Drohnen gehören heute – wie früher die Pferde – zur Kriegsführung. In einer speziellen Ausbildung der Schweizer Rekrutenschule lernt eine kleine Gruppe junger Rekrutinnen und Rekruten den Umgang mit beidem. Sie sind als Patrouillenreiter unterwegs und überwachen das Gelände.
Das Zusammenspiel von Tier und Drohne muss geübt werden. Weil für ein Pferd erstmal alles, was neu ist, Angst mache, müsse es sich an die Drohne gewöhnen, sagt ein junger Rekrut. Zusammen mit seinem Kollegen übt er hier am Waldrand eine Aufklärungsmission.
Auf Pferde setzt die Armee schon lange. Zu Spitzenzeiten vor 100 Jahren waren es Zehntausende Tiere. Heute hat die Armee nur noch 300 Pferde. Sie werden vor allem für die Gebietsüberwachung eingesetzt. Zum Beispiel bei kritischen Infrastrukturen mit grossem Perimeter, wie dem Flughafen Zürich, wo es nicht viele Wege um die Landebahn hat.
«Das Pferd kann sich schneller fortbewegen als die Fusspatrouille», sagt Kommandant Kim Schätti. Er ist für die Armeetiere verantwortlich. Pferde könnten in unübersichtlichem und unwegsamem Gelände schnell und relativ lautlos reagieren.
Drohnen dagegen sind eine ziemlich neue Technik. Damit können Soldaten auch in der Nacht ein Gelände überwachen. Die Drohne hat eine Wärmebildkamera. So sind Menschen und Tiere im Dunkeln erkennbar, weil sie wärmer sind als die Umgebung.

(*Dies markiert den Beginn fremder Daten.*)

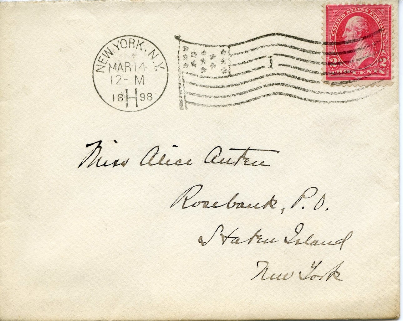 @file_pinax:file {title: "Malvina Martin Correspondence to Alice Austen", creator: @malvina_martin, created: @date_1898_03_14, language: "en", subjects: ["Correspondence","Personal letters","Family updates","Health updates","Social invitations"], description: "Collection of correspondence from Malvina Martin to Alice Austen, discussing family health updates and social invitations.", place: ["Rosebank, Staten Island, New York","63 East Fifty-sixth Street, New York"]}
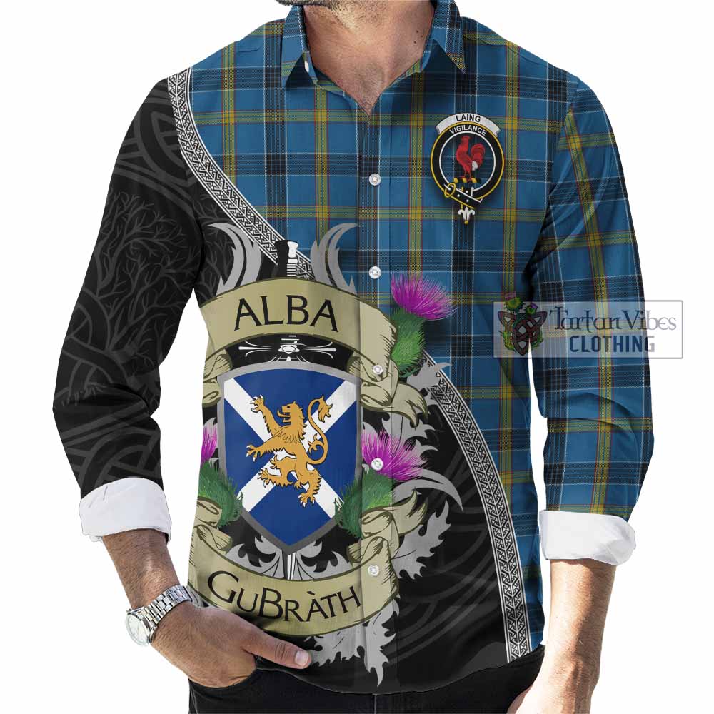 Laing Tartan Family Crest Long Sleeve Button Shirt Lion Rampant Royal Thistle Shield Celtic Inspired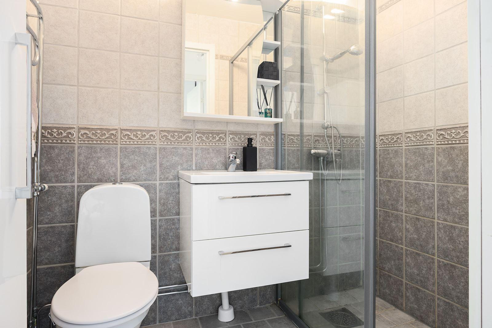 - DuschrumKakel och klinker. Utrusning: Toalett, kommod, badrumsspegel, duschhörna med skjutbara glasdörrar och handdukstork.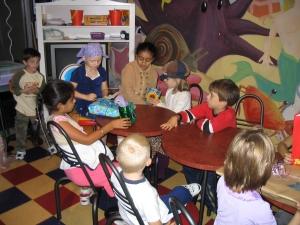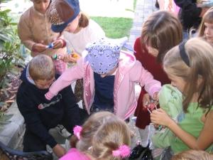 Taking a break during the tea party & collecting all the balloons after the tea party.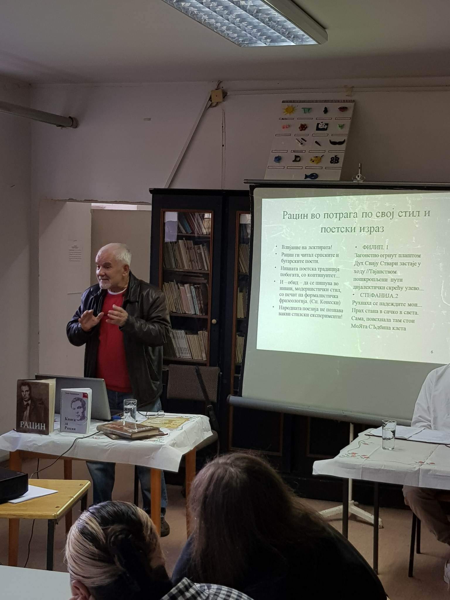 Денес, во рамките на 55-та програма на детските рацинови средби, во средното училиште ,,Кочо Рацин”, се одржа настан ,,Беседа за Рацин” со присуство и презентација на проф. д-р Јордан Стојановски.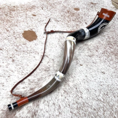 Berrante de fabricação e confeceção de Jairo Agrizzi, da marca BJS BOIADEIRO, fabricado com chifres de gado, emendas em chifre, 4 linhas tradicionais nas emendas, bocal torneado, som grave e macio de tocar. O berrante mais leve do mercado, trabalhado interior .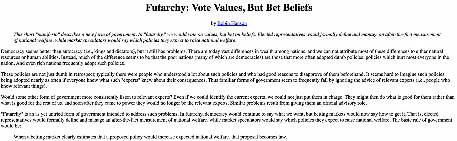 Futarquia é um forma de governo proposta por Robin Hanson, no começo dos anos 2000.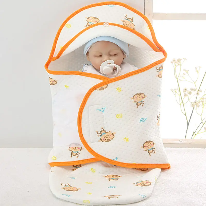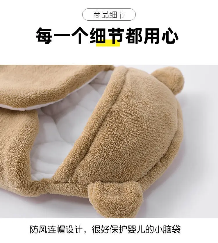 The newborn's warm blanket is thickened in autumn and winter. It is windproof and warm when going out. It is suitable for newborn babies from 0 to 6 months old. Comfortable cotton wool and flannel outside and pure cotton inside. It can be windproof or used as a sleeping bag outside. It doesn't lose hair and color. It feels very good!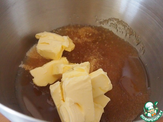 В другой миске смешать коричневый сахар (можно использовать и обычный белый), ванильный сахар, подсолнечное масло без запаха и взбить с размягченным маслом в пену.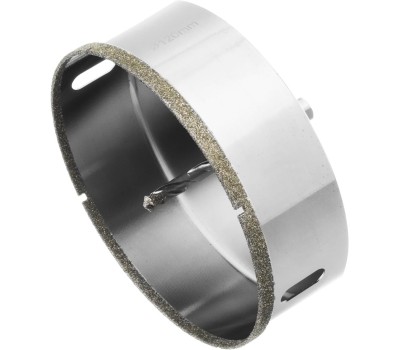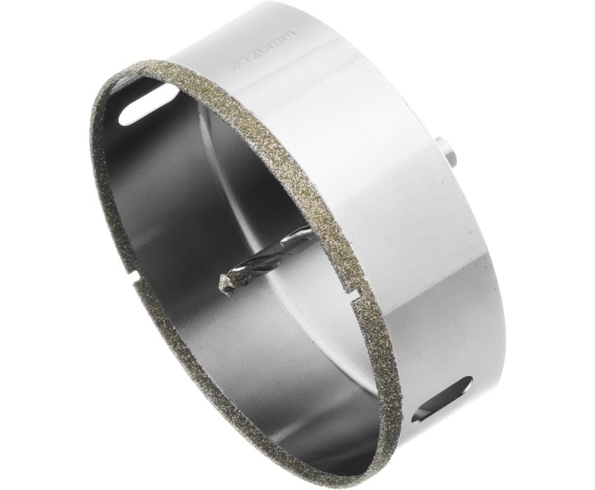Универсальное алмазное сверло по керамограниту Matrix 726963 размером 120 х 67 мм, с 3-гранным хвостовиком, применяется для получения отверстий в стекле, плитке, кафеле. За счет высокой концентрации алмазов в режущем слое оно легко справляется со сверлением керамогранита. Сверло рассчитано на профессиональное использование с дрелями и шуруповертами. Водяное охлаждение в процессе работы значительно повышает срок службы оснастки. Преимущества Высокий ресурс — сверло с усиленным корпусом и увеличенным алмазным слоем долго сохраняет рабочие свойства. Антикоррозионное покрытие — при мокром сверлении на сверле не образуется ржавчина. Легкое засверливание — благодаря центрирующему сверлу коронку не уводит в сторону. Надежная фиксация — трехгранный хвостовик не прокручивается в патроне дрели или шуруповерта.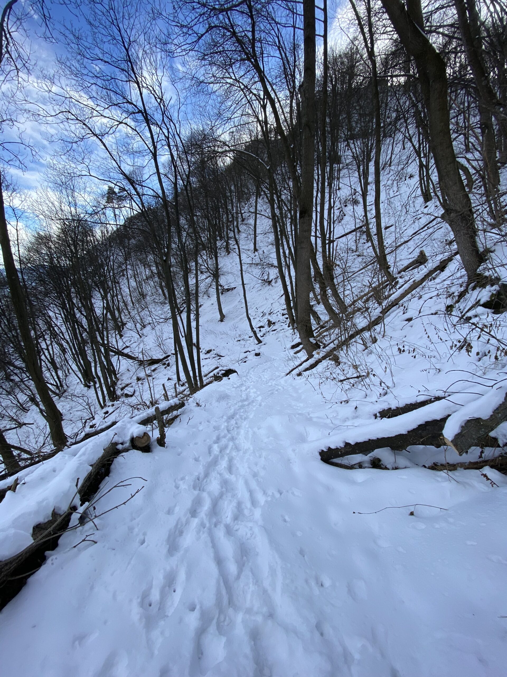 Da non sottovalutare la cresta, che di suo è almeno un T4, ma sporca di neve come è per ora, è ancora più difficoltosa.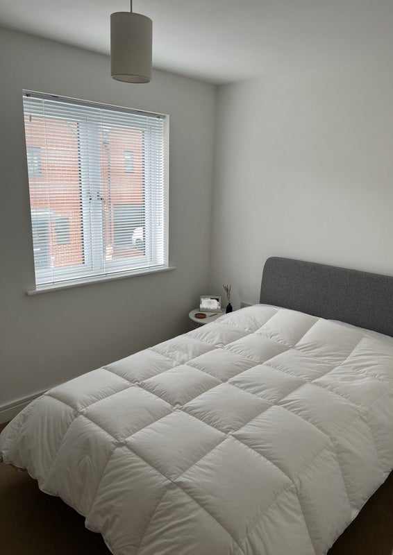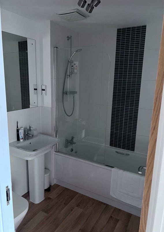 The room in this house offers a cozy and comfortable living space, with a built-in closet and a brand new Emma mattress on the double bed. The shared bathroom is equipped with modern amenities, including an over-the-bath shower, central heating, and a stylish sink with a mirror. The open plan kitchen-dining-living area is spacious and well-equipped with essential appliances, leading out to a sunny back garden. The atmosphere in the flat is peaceful and conducive to relaxation, perfect for unwinding after a busy day.

Rund die Hälfte der Armeepferde sind im Raum Bern untergebracht. Unter anderem in Schönbühl, wo Reiterinnen und Reiter und auch die Pferde ausgebildet werden.
«Pferde können eine Leistung erbringen, die sonst niemand erbringen kann», sagt Kim Schätti. Die Drohne sei eine optimale Ergänzung - die Kombination besser als ein Helikopter. Dadurch sei man flexibler und könne mehrere Standorte gleichzeitig überwachen. Die berittenen Patrouillen können also grossflächig eingesetzt werden.
In jeder Schweizer Rekrutenschule werden rund 16 Rekruten zu Patrouillenreitern ausgebildet.